Least Cruel Death Sought for Pennsylvania Chickens
PETA Calls On State Veterinarian to Ensure That Birds Aren’t Smothered, Suffocated, or Decapitated While Still Conscious
For Immediate Release:
April 16, 2020
Contact:
Nicole Meyer 202-483-7382
Following reports that because of slaughterhouse closures, Pennsylvania farmers have started to kill chickens without processing their bodies for human consumption, PETA sent an urgent letter today calling on state veterinarian Kevin Brightbill to ensure that the birds will be killed using only means approved by the American Veterinary Medical Association for non-emergencies.
“These chickens don’t deserve to be tossed into an old wood chipper or struck with a two-by-four, as PETA has documented in other ‘depopulation’ efforts,” says PETA Senior Vice President of Cruelty Investigations Daphna Nachminovitch. “The law, veterinary guidance, and common decency all mandate that the birds receive the quickest and least cruel death possible.”
PETA—whose motto reads, in part, that “animals are not ours to eat” and which opposes speciesism, a human-supremacist worldview—notes that the COVID-19 pandemic responsible for the slaughterhouse closures originated in a meat market. Health authorities confirm that influenza viruses and coronaviruses are zoonotic (transmissible from other animals to humans), and previous influenza viruses originated in pigs and chickens.
For more information, visit PETA.org.
PETA’s letter to Brightbill follows.
April 16, 2020
Kevin Brightbill, D.M.V., Ph.D.
State Veterinarian
Pennsylvania Department of Agriculture
Dear Dr. Brightbill,
We respectfully request your immediate attention. PETA understands that Pennsylvania factory farmers have started to kill young chickens because of slaughterhouse closures.

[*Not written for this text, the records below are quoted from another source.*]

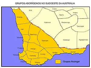 Os povos Noongar têm seis estações cujo período de tempo é definido por mudanças observáveis específicas no ambiente, com um período de seca variando de apenas três a onze meses. [6] [lower-alpha 2] As tribos estão espalhadas em três sistemas geológicos diferentes: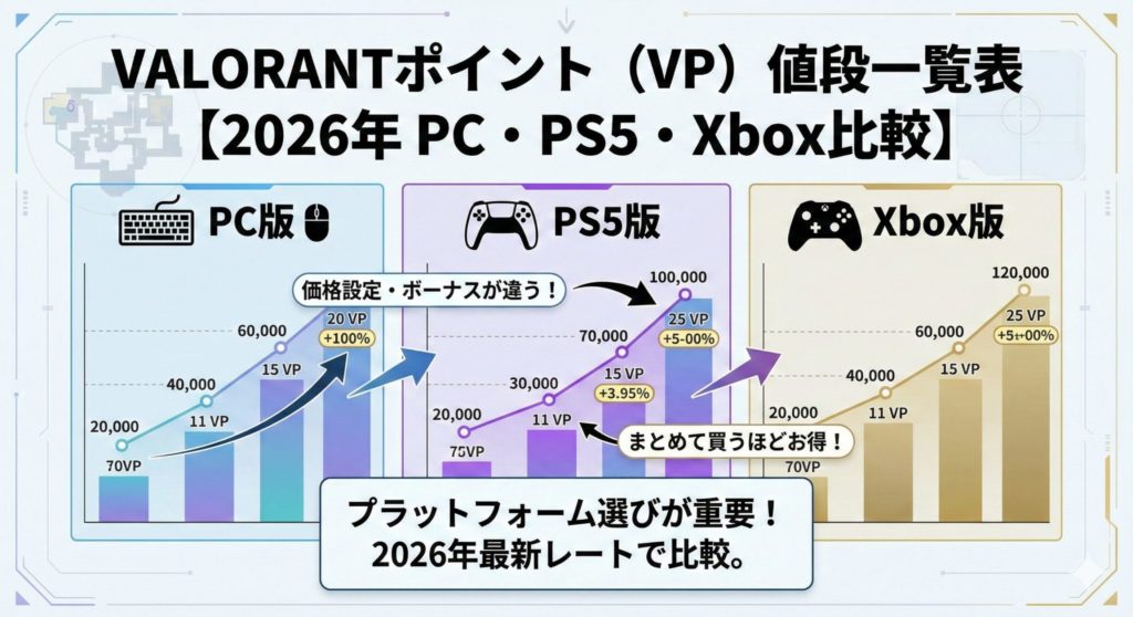 VALORANTポイント(VP)値段一覧表【2026年 PC・PS5・Xbox比較】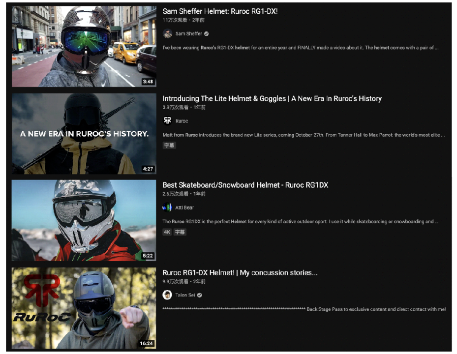 当然,除了守住商业版图之外,继续抢占新阵地也是商业活动的重要组成部分。Ruroc 在 KOL 营销中,除了针对原有的滑雪人群,还瞄准了另一个新目标——滑板人群。这两个人群有着高度重合的特性:喜欢“有型”和“个性”,并且大都是年轻人。因此,除了邀请 KOL 评测和开箱 Ruroc 的头盔之外,还邀请了许多滑板领域的 KOL 戴着 Ruroc 的雪盔制作滑板相关的视频内容,获取滑板客群。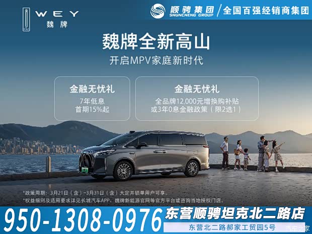 车源足、价格优,店内足不出户即可挂牌!购车按揭、保险、上牌等一站式服务;买车请认准顺骋坦克-东营顺骋店!店内多重豪礼等您来拿!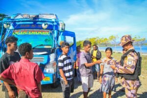UPF melakukan pemeriksaan terhadap dokumen WNTL yang melintasi wilayah perbatasan Batugade. Foto/PNTL

We urgently seek confirmation from your agency that only killing methods approved by the American Veterinary Medical Association for non-emergencies will be used in Pennsylvania and that this undertaking will be done with appropriate respect and diligence.
Because this is not an emergency situation—in which, say, chickens are suffering and dying because of a disease outbreak or natural disaster—please verify that Pennsylvania facilities will not use water-based foam to smother these birds. Such deaths are particularly terrifying and slow—federal standards allow some chickens to survive foaming for up to 14 minutes. Similarly, caring individuals, including those of us at PETA, request that you confirm that workers in the Commonwealth won’t cut these birds’ throats or decapitate them while they’re conscious or shut off all ventilation in sheds and raise the heat (which is known as “ventilation shutdown plus”) to kill birds slowly and painfully by means of heatstroke and suffocation.
Please secure assurance from Pennsylvania producers that workers will treat birds with respect and be continuously supervised by management. Those who care about these birds’ welfare want to know that poultry industry workers in Pennsylvania are properly trained in the use of containerized gassing, cervical dislocation, and captive-bolt guns to kill these animals as quickly as possible and with the least possible stress. May we also have your word that workers will confirm that each individual chicken is dead prior to disposal and rapidly destroy any surviving birds in an acceptable and lawful manner?
In addition to legal and veterinary requirements, common decency demands that these chickens—who have suffered day and night in severely crowded, ammonia-ridden sheds and to whom these factory farmers owe their livelihood—be given the quickest, most painless death possible. Having been denied everything that’s natural and important to them—such as seeing the sun, breathing fresh air, roosting in trees, and building their own social structure—these animals surely deserve better than being treated as if they were old tree branches that can be tossed into a wood chipper or struck with two-by-fours as if they were baseballs. PETA has documented such atrocities in other “depopulation” efforts. Thank you for your time.